PROVIDED RECORDS:
☆ ☆ ☆ ☆ ☆ ☆ ☆

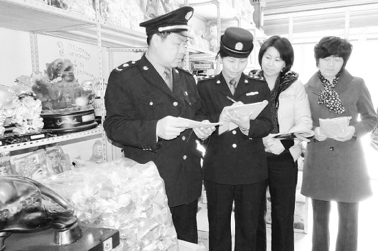 清明节期间,西华县工商局开展祭祀用品市场专项整治行动,严查无照经营、超范围经营、销售封建迷信祭祀用品等违法违规行为。图为3月31日,该局执法人员在一家祭祀用品店检查时的情景。(陶中海 摄)
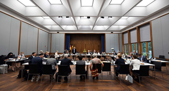 Die Kabinettssitzung in Brüssel stand ebenfalls im Zeichen der vielfältigen europapolitischen Herausforderungen – von den Folgen des russischen Angriffskriegs auf die Ukraine über die Umsetzung des European Green Deals bis zu einer denkbaren institutionellen Reform der EU. Unter anderem wurden dabei die Themen Flucht und Migration sowie aktuelle energiepolitische Fragen mit Vertreterinnen und Vertretern der Europäischen Kommission erörtert.
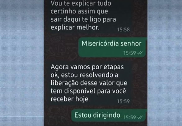 “A pessoa que estava aplicando o golpe encaminhou para ele uma mensagem com o número do processo, a petição inicial com os pedidos que a gente formulou. Passou informando que a gente tinha vencido o processo, que já tinha sido feito o bloqueio e que ia liberar”, disse a advogada.
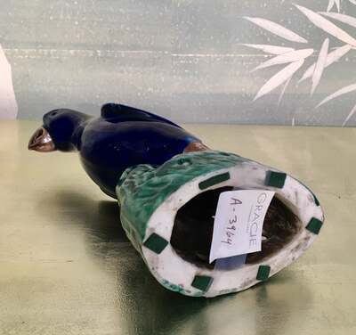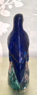 A fanciful and expressive blue glazed parrot seated on attached green base.
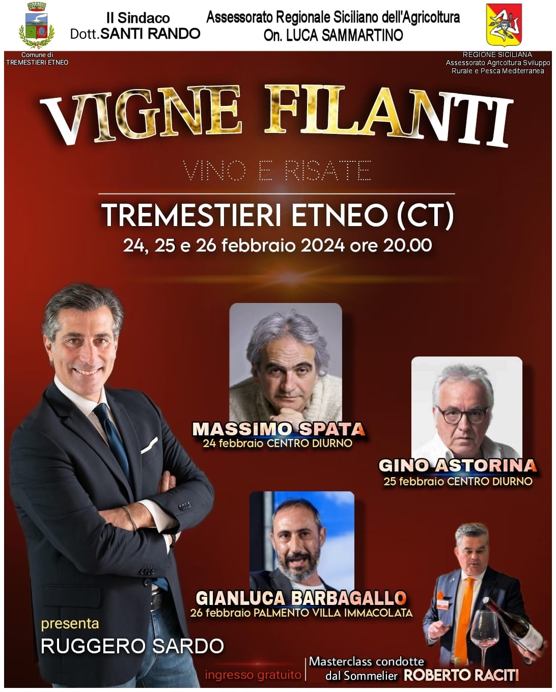 Si parte Sabato 24 febbraio 2024 dalle ore 20.00 con Massimo Spata, il 25 con Gino Astorina nei locali del Centro Diurno, e il 26 febbraio con Gianluca Barbagallo nel Palmento Villa Immacolata, il tutto impreziosito dalla presentazione del noto conduttore siciliano Ruggero Sardo.

☆ ☆ ☆ ☆ ☆ ☆ ☆

WHAT THIS TASK INVOLVES:
Leave the pictures out. Output, exactly, the lines of the material above starting at the line containing "Die Kabinettssitzung in" and ending at the line containing "A fanciful and".

ANSWER SECTION:
 Die Kabinettssitzung in Brüssel stand ebenfalls im Zeichen der vielfältigen europapolitischen Herausforderungen – von den Folgen des russischen Angriffskriegs auf die Ukraine über die Umsetzung des European Green Deals bis zu einer denkbaren institutionellen Reform der EU. Unter anderem wurden dabei die Themen Flucht und Migration sowie aktuelle energiepolitische Fragen mit Vertreterinnen und Vertretern der Europäischen Kommission erörtert.
 “A pessoa que estava aplicando o golpe encaminhou para ele uma mensagem com o número do processo, a petição inicial com os pedidos que a gente formulou. Passou informando que a gente tinha vencido o processo, que já tinha sido feito o bloqueio e que ia liberar”, disse a advogada.
 A fanciful and expressive blue glazed parrot seated on attached green base.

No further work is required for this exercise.